刀疤脸大惊失色,额头上青筋暴突,听到声响后,他手中紧握着一根冰冷且泛着寒光的钢棍后叫嚷:“你们是什么人?竟敢来这找我的晦气!”一名身手敏捷的年轻人一个箭步上前,侧身避开刀疤脸的攻击,反手一记肘击重重砸在其背部,刀疤脸一个踉跄向前扑去。
刀疤脸连忙起来却没有管那个年轻人反而快速跑到阿红身边怒吼着:“让你骗我,骗我,贱女人!骗我,我差点死在老板手里!”话语间,他高高举起钢棍,用尽全身力气朝着阿红狠狠挥下。钢棍划破空气,发出呼啸的风声,紧接着重重地砸在阿红的头上。阿红的身体猛地一震,一声痛苦的惨叫从她喉咙深处迸发而出,那声音在空旷的仓库里回荡,令人毛骨悚然。
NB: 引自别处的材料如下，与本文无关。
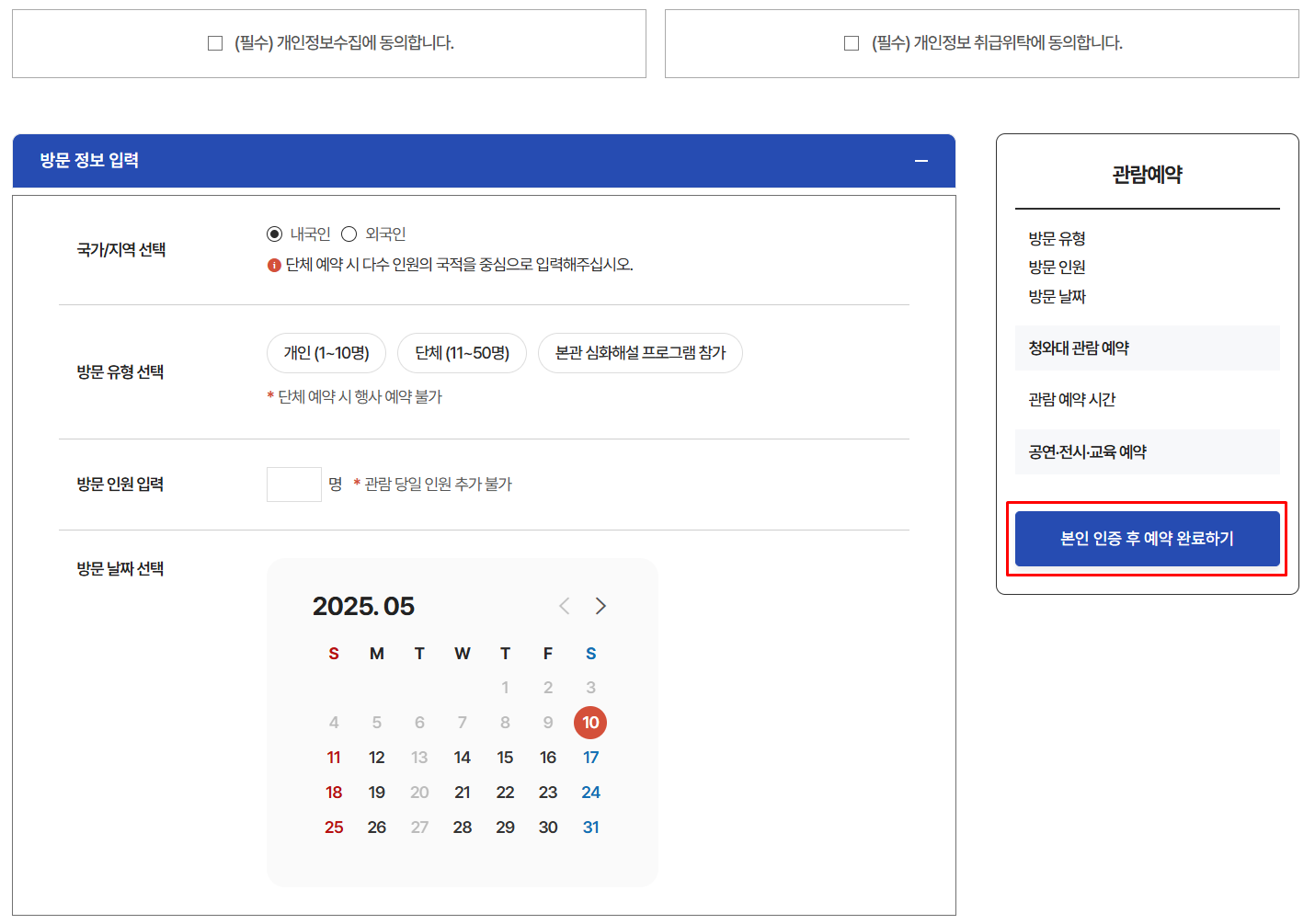 🔗 사이트 | 청와대 국민개방 통합 예약 |

他没有丝毫停歇,一棍接着一棍地落下。每一次击打,阿红的身体都会剧烈颤抖,皮肤上瞬间浮现出一道道红肿且带着血痕的印记。有的地方皮开肉绽,鲜血缓缓渗出,顺着她的肌肤流淌下来,滴落在满是灰尘的地面上,形成一小片暗红色的血渍。
其中两人毫不犹豫地拔刀冲向刀疤脸,趁着他打阿红的间隙,一人猛地跃起,将刀狠狠地刺进了刀疤脸的后肩膀。刀疤脸发出一声痛苦的咆哮,身体猛地一震,但他的疯狂并没有被这突如其来的攻击浇灭。另一个人趁机挥刀砍向他的腿,刀疤脸躲闪不及,腿部被砍中,鲜血四溅,他一个踉跄单膝跪地。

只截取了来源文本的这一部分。